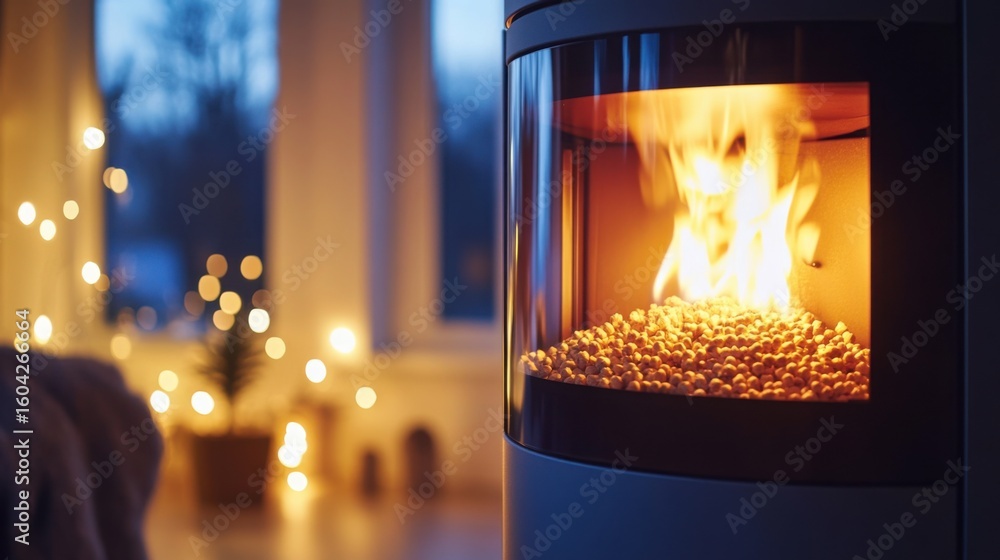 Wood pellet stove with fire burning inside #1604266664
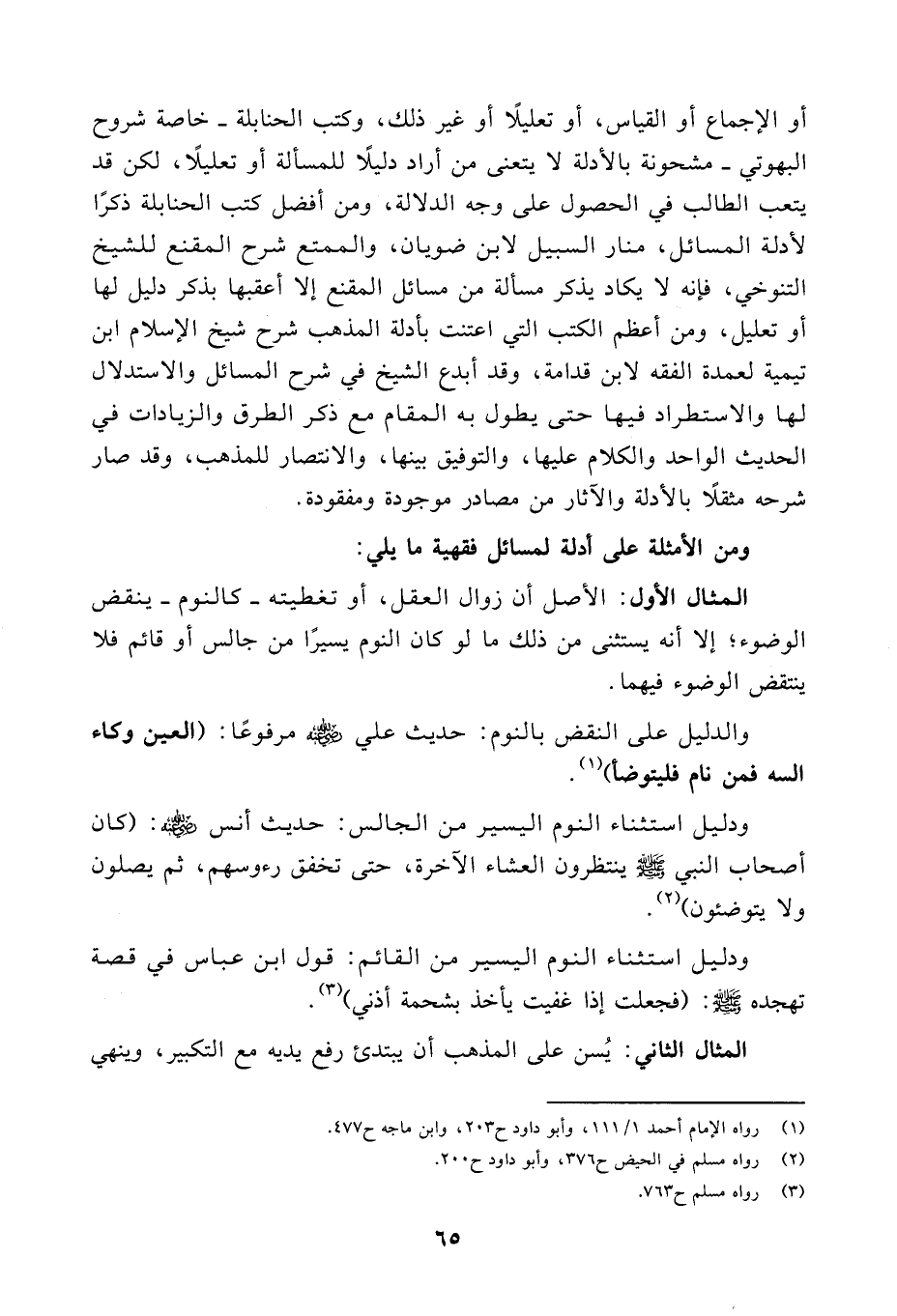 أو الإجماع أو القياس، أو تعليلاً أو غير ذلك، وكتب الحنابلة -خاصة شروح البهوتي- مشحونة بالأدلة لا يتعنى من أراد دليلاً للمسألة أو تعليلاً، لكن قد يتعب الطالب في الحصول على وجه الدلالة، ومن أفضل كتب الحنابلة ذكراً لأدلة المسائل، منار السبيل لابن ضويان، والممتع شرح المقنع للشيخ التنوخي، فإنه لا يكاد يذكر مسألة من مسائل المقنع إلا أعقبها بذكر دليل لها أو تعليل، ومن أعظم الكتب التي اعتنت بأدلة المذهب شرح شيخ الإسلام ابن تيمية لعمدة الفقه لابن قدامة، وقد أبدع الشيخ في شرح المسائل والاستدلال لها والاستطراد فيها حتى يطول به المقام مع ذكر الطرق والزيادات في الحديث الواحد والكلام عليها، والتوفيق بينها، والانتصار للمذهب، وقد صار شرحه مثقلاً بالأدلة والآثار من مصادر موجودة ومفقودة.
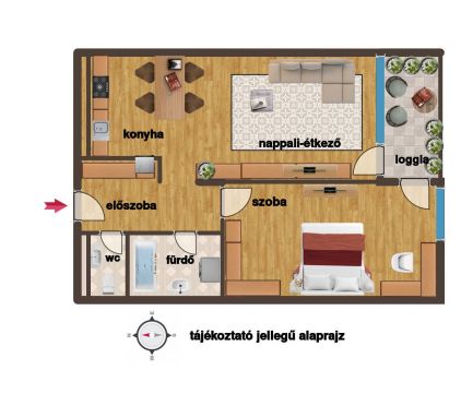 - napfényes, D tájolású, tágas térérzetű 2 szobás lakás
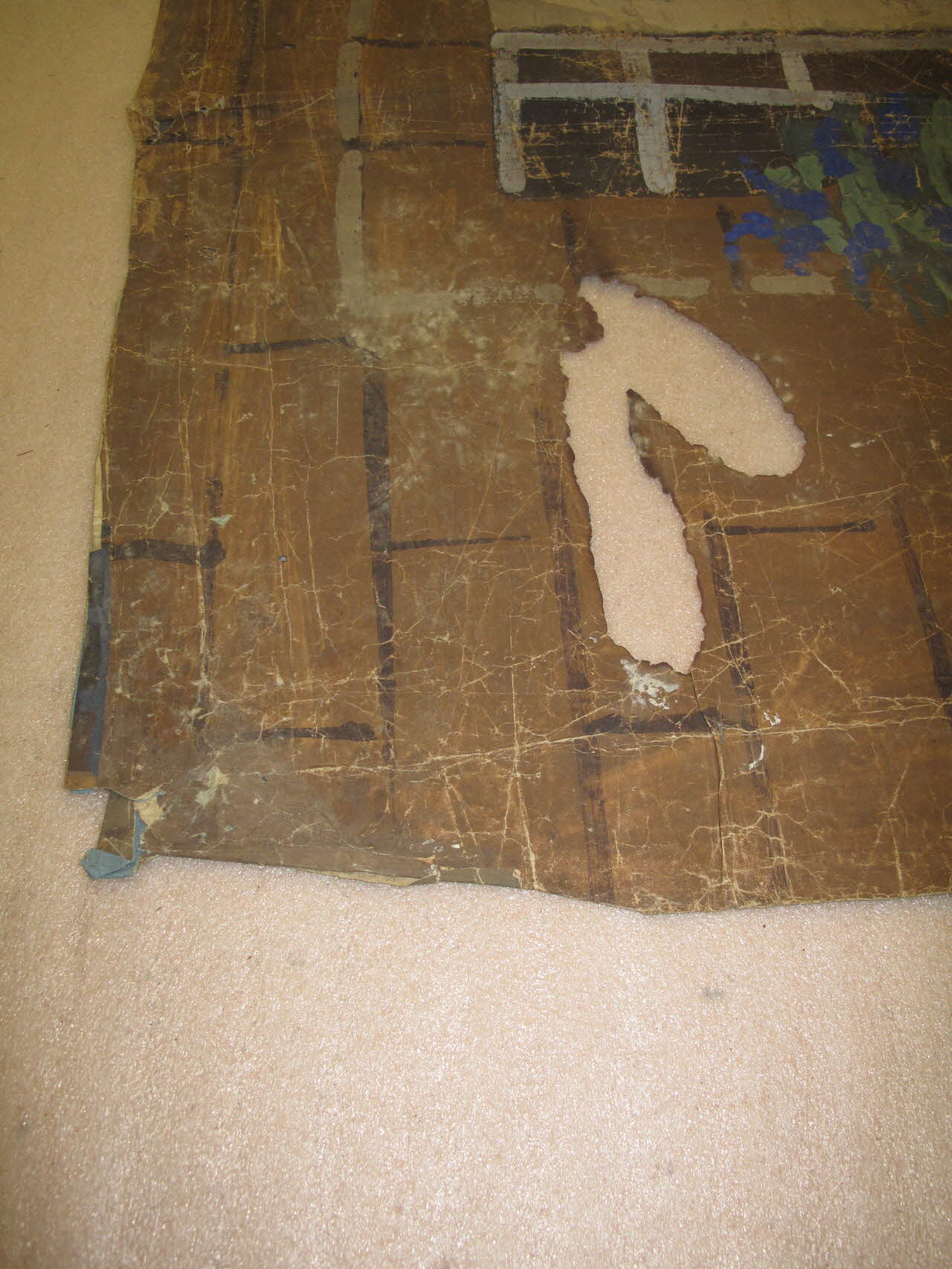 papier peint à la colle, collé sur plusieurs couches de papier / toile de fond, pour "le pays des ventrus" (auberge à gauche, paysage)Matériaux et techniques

* * *

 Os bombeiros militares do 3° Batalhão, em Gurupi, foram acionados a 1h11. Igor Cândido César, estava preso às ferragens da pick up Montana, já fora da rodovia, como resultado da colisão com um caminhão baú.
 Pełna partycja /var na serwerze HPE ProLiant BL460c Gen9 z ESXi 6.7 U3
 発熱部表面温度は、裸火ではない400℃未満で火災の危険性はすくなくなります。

◆ **PROBLEM TO SOLVE**
In the entries above, find the line with "Os bombeiros militares" and the line with "発熱部表面温度は、裸火ではない400℃未満で火災の危険性はすくなくなります。", then restate word for word both of them and every line between, with nothing more.

◆ **EXPECTED ANSWER**
 Os bombeiros militares do 3° Batalhão, em Gurupi, foram acionados a 1h11. Igor Cândido César, estava preso às ferragens da pick up Montana, já fora da rodovia, como resultado da colisão com um caminhão baú.
 Pełna partycja /var na serwerze HPE ProLiant BL460c Gen9 z ESXi 6.7 U3
 発熱部表面温度は、裸火ではない400℃未満で火災の危険性はすくなくなります。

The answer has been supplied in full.